Animated visualizations of the 58-year history of the field’s growth vividly illustrate how these research clusters have emerged, spread, and branched out. Color coding and other techniques help spotlight research frontiers and significant changes in research direction.
“Intellectual structures of a knowledge domain before and after a major conceptual revolution are likely to be fundamentally different as new theories and evidence become predominant,” Chen writes in an upcoming Proceedings of the National Academy of Sciences. In this paper, Chen describes further advances in his visualization techniques, implemented in a computer program he calls CITESPACE, that emphasize progressively visualizing the evolution of network structures.

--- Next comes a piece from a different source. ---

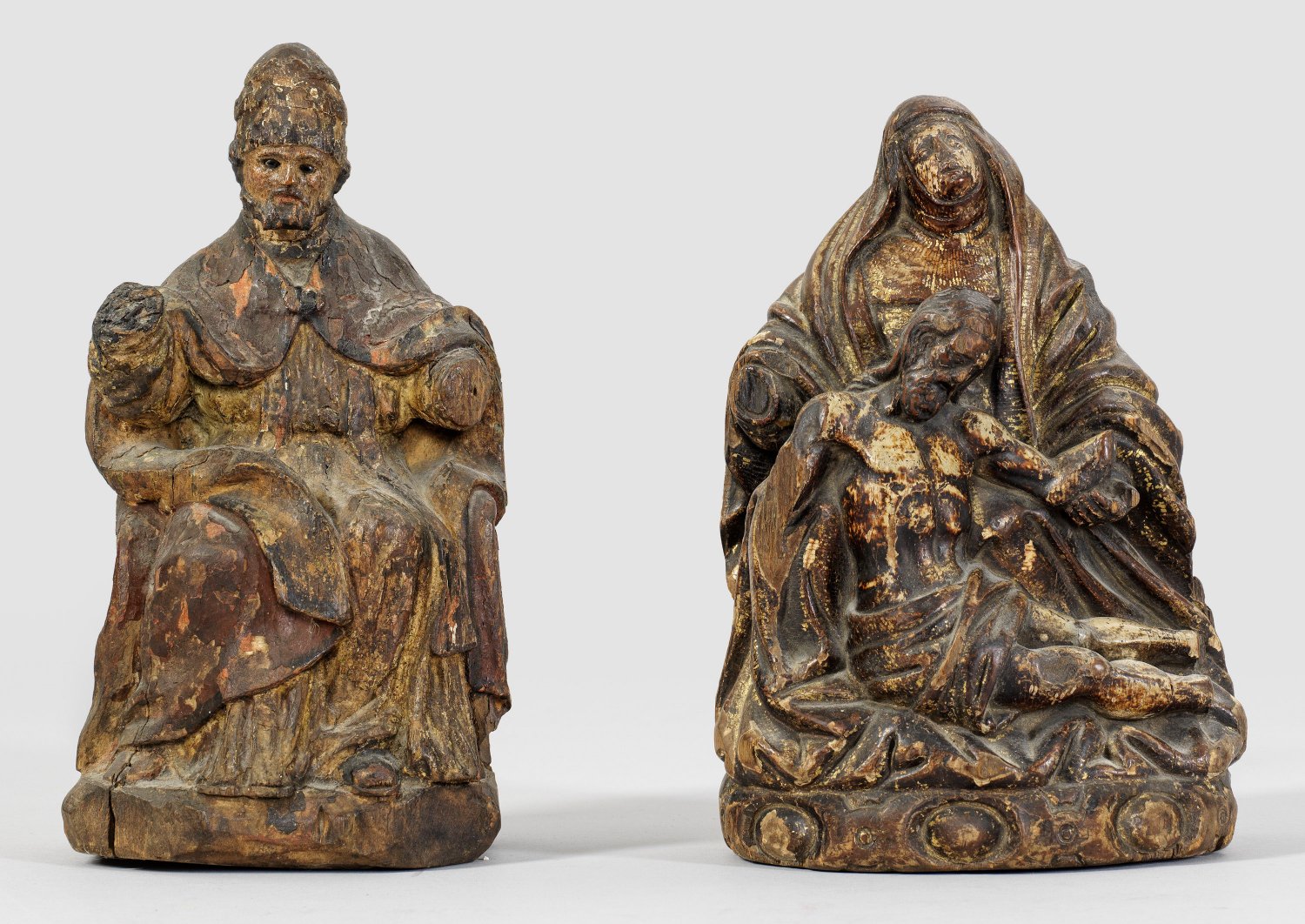 Zwei Skulpturen einer Pietà und eines Hl. Papstes

“In comparison to other methods for detecting changes of networks over time, our approach simplifies cognitively demanding tasks of comparing a sequence of network snapshots,” Chen says. “The progressive visualization method allows us to focus on much simpler tasks of locating pivot nodes and cluster centers.”
To show how his method works, Chen applied it to the field of superstring theory in physics, looking at citations from 1985 to 2002 (and a part of 2003). His panoramic visualizations, highlighting landmark or pivotal papers in the field, can be seen at http://www.pages.drexel.edu/~cc345/citespace/Figure2.png, http://www.pages.drexel.edu/~cc345/citespace/Figure3.png, and http://www.pages.drexel.edu/~cc345/citespace/Figure4.png.
Chen’s visualizations successfully spotlighted groundbreaking articles that triggered two revolutions in superstring theory.
“The progressive visualization method introduced here has practical implications,” Chen concludes. “It provides scientists with a roadmap of their own field.”
It’s a bit like watching a movie instead of reading the novel to get the gist of what’s hot and what’s not.